Currently, researchers are trying to use technical means to help authors identify whether their works are used for AI model training. Lucy Lu Wang, an artificial intelligence researcher at the University of Washington in Seattle, said that if a paper has been used as training data for a model, it cannot be removed after the model training is completed.
However, even if it can be proved that the paper was used for AI training, it still faces controversy at the legal level. The article points out that publishers believe that using unauthorized copyrighted content for training is an infringement, while another legal view is that the large language model does not directly copy the content, but generates new text through learning.
It is worth noting that not all researchers are opposed to their works being used for AI training.

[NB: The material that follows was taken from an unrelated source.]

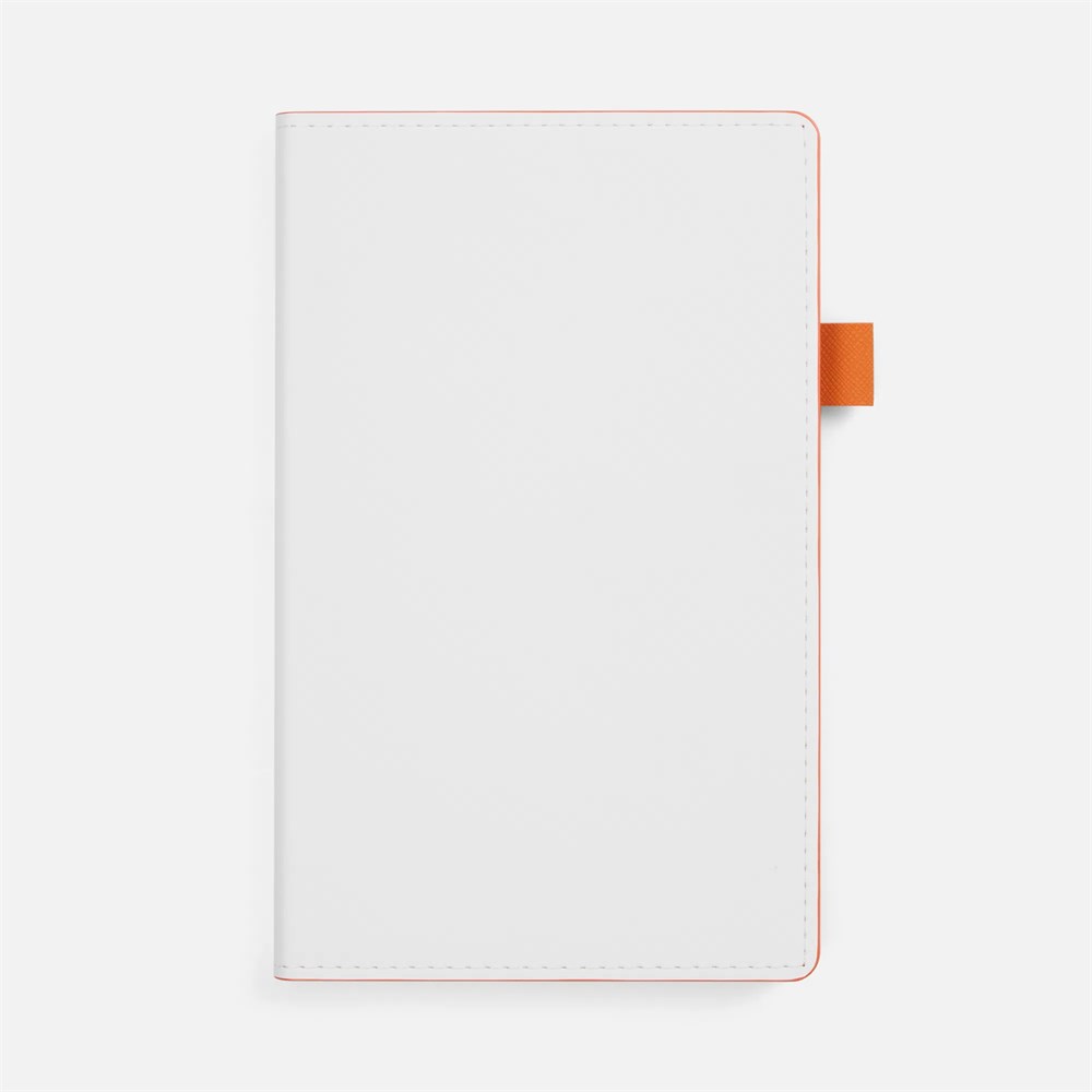 Гибкая обложка, материал обложки — Soft Touch, белый BB и Latte, оранжевый ОО; материал петли для ручки — Nice Touch, оранжевый ОО. Срез обложки окрашен в оранжевый цвет.

Stefan Bak said that he is happy to see his research results used to improve the accuracy of AI and does not mind AI "imitating" his writing style. However, he also admitted that not everyone can easily deal with this problem, especially those who face competition from AI, such as artists and writers.
In fact, lawsuits regarding the use of copyrighted intellectual works to train AI models have previously attracted widespread attention.
On August 14, The Washington Post reported that a class action lawsuit filed by several visual artists and illustrators in the United States against AI image generation tools has made a breakthrough. They have accused startups such as Midjourney and Stability AI of using their works to train AI models without consent. The case made a key breakthrough this week. U.S. District Judge William Orrick allowed key parts of the case to move forward, which means that the court has decided that there is enough legal evidence for certain allegations to continue the trial, and the internal communications of these companies when developing AI tools may be disclosed as the legal trial proceeds.